Action item -> Every line of the material must be restated exactly, though not its pictures.

Information supplied ->
<<<<

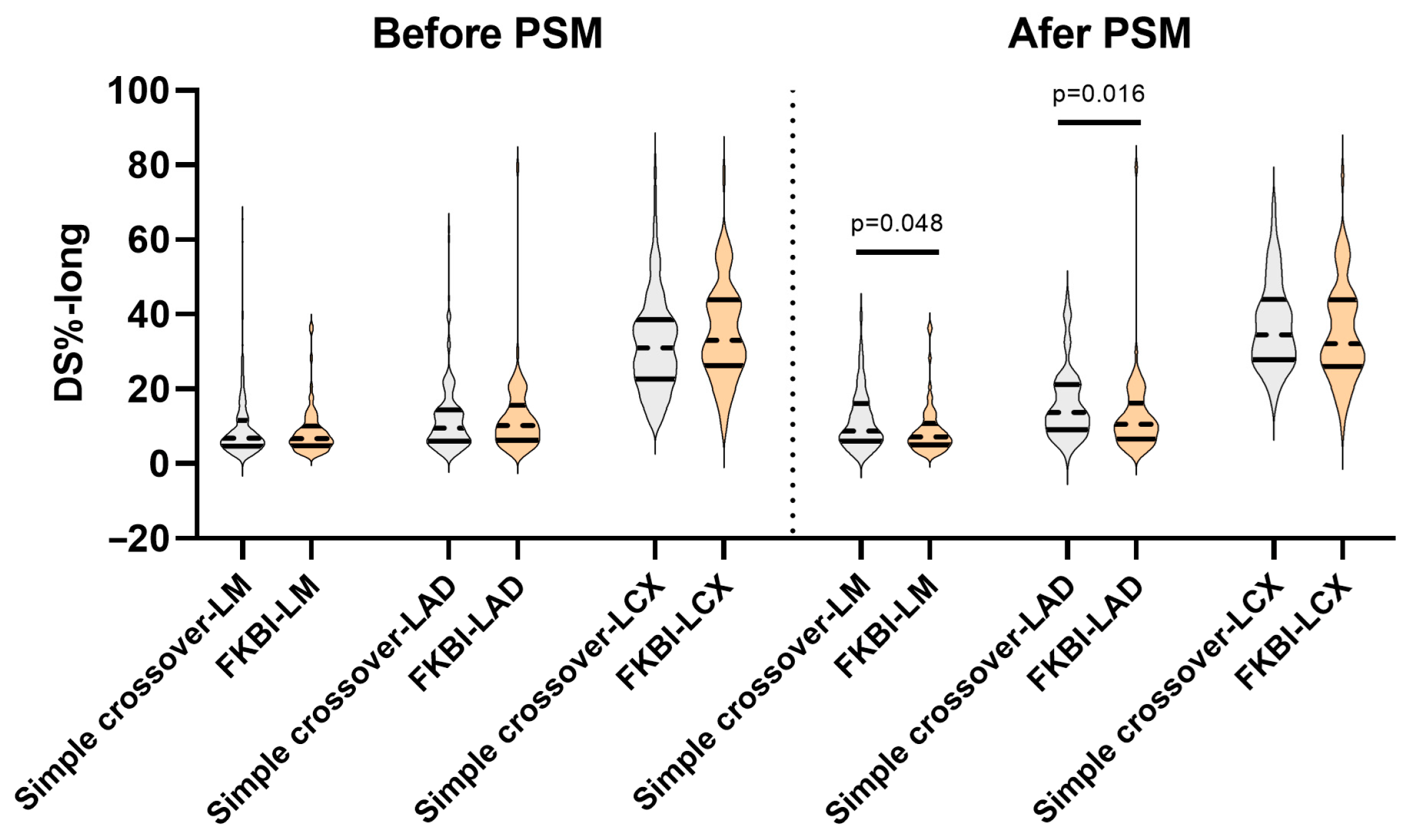| DS%-long in LCX | 31 (22.6–38.6) | 33.1 (26.2–43.9) | 0.083 | 34.5 (27.9–44) | 32.1 (26–43.9) | 0.293 |
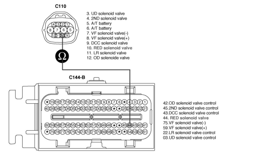 1. Disconnect "A/T SOLENOID VALVE" connector.
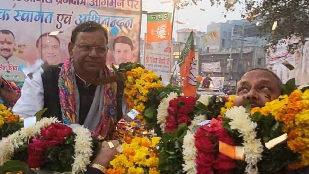 धाकरान चौराहे पर भाजपा प्रदेश अध्यक्ष का स्वागत करते एमएलसी विजय शिवहरे। सौजन्य स्वयं

>>>>

Task solution ->
| DS%-long in LCX | 31 (22.6–38.6) | 33.1 (26.2–43.9) | 0.083 | 34.5 (27.9–44) | 32.1 (26–43.9) | 0.293 |
 1. Disconnect "A/T SOLENOID VALVE" connector.
 धाकरान चौराहे पर भाजपा प्रदेश अध्यक्ष का स्वागत करते एमएलसी विजय शिवहरे। सौजन्य स्वयं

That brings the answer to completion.